A palavra do aiatolá Ali Khamenei, contudo, foi desafiada há
uma semana, quando a maior
onda de protestos em 30 anos de
república islâmica tomou as ruas
e o fez recuar do endosso afoito à
reeleição do presidente Mahmoud Ahmadinejad. Concedeu-se a recontagem de 10% dos votos, o que não dissipou a revolta.
Na sexta, Khamenei parece ter
cruzado o seu rubicão. Lançou
ultimato aos descontentes, prometendo violenta repressão caso
insistissem em voltar às ruas. Teve de cumprir a palavra, pois foi
novamente desafiado, no sábado, por multidões. Com as mãos
do aiatolá sujas de sangue, toda a
face brutal do regime se exibe para sua própria população. Saiu de
cena o patriarca que paira acima
dos homens comuns, substituído
pelo autocrata disposto a tudo
para sobreviver politicamente.
O governo do Irã tenta, como
sempre, culpar potências estrangeiras pelo conflito. Mal consegue disfarçar, contudo, que esta é
uma disputa de poder na camada
dirigente do regime. Os adversários de Khamenei não defendiam, ao menos no início do processo, nenhuma mudança ou
abertura substanciais. Pertencem ao pequeno grupo que, desde 1979, controla o governo do
Irã.

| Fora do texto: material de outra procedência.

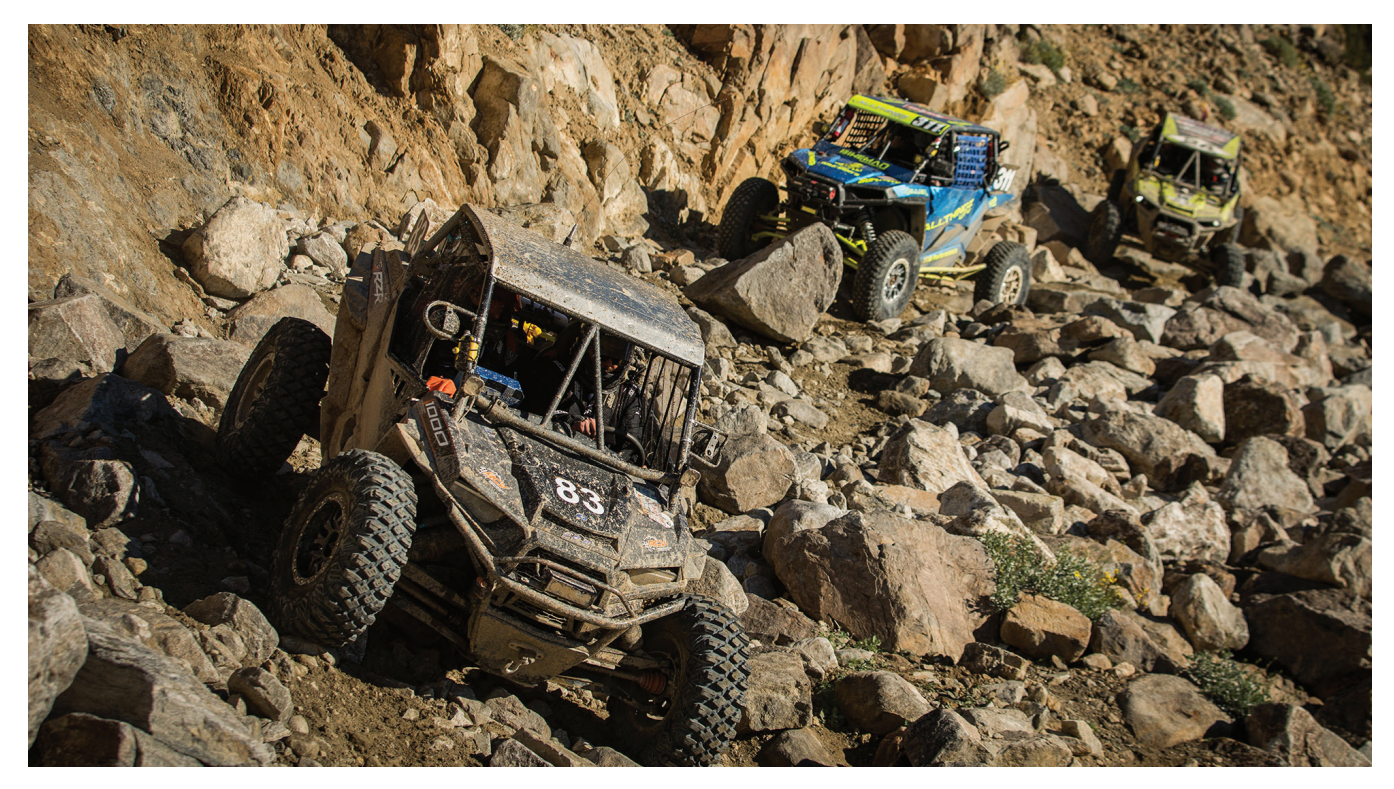
UTVs compete at the King of Hammers event in California's Johnson Valley OHV Area. ATVing and recreational motorcycling generated $8 billion in GDP nationally in 2021, according to the Bureau of Economic Analysis.

Mir Hossein Mousavi, o candidato que pede a anulação do
pleito de 12 de junho, privava da
amizade do aiatolá Ruhollah
Khomeini, o comandante da revolução islâmica e do país até sua
morte, em 1989.
Quem veio de fora desse núcleo tradicional, paradoxalmente, foi Mahmoud Ahmadinejad.

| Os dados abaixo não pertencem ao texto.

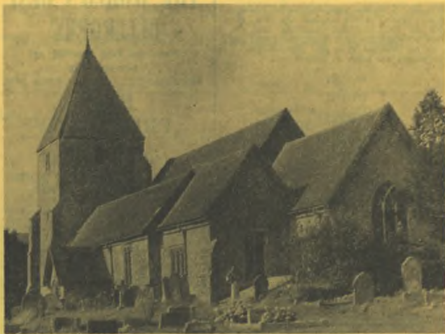
THE CHURCH OF ST. JOHN THE BAPTIST, MERSHAM.

O presidente populista e linha
dura refletiu a chegada ao círculo
dirigente de setores das Forças
Armadas, como veteranos da
guerra com o Iraque, que ganhavam força na sociedade iraniana.
Adensou-se a disputa pelo poder,
a qual, no Irã, também espelha
um embate, travado entre grupos bem postados no Estado, pela renda do petróleo e do gás.
A corrida eleitoral explicitou e
acirrou a polarização, que era latente, entre esse grupo emergente alinhado a Ahmadinejad e a fatia moderada da liderança tradicional -encabeçada pelos ex-presidentes Akbar Rafsanjani e
Mohammad Khatami-, que
convergiu para a chapa de Mousavi. O aiatolá Khamenei, que já
se inclinava para o primeiro polo, passa a depender mais do
apoio da corporação militar e da
guarda pretoriana do regime.
O maciço descontentamento
popular, entretanto, também é
uma variável nova no Irã. Aí se
podem notar, de fato, o questionamento de aspectos centrais do
regime e o clamor por abertura
maior, a qual talvez nem Mousavi esteja disposto a oferecer.
O Irã mudou nesses 30 anos.
Urbanizou-se depressa, a economia mais que triplicou, ampliou-se o acesso a serviços de bem-estar, como saúde e educação, básica e superior. Mais da metade da
população não era nascida quando Khomeini liderou a revolução. A fossilizada autocracia iraniana parece em desacordo com
a nação que emerge.
Nesse divórcio, a violência de
Estado surge com último recurso -receita certa para a tragédia.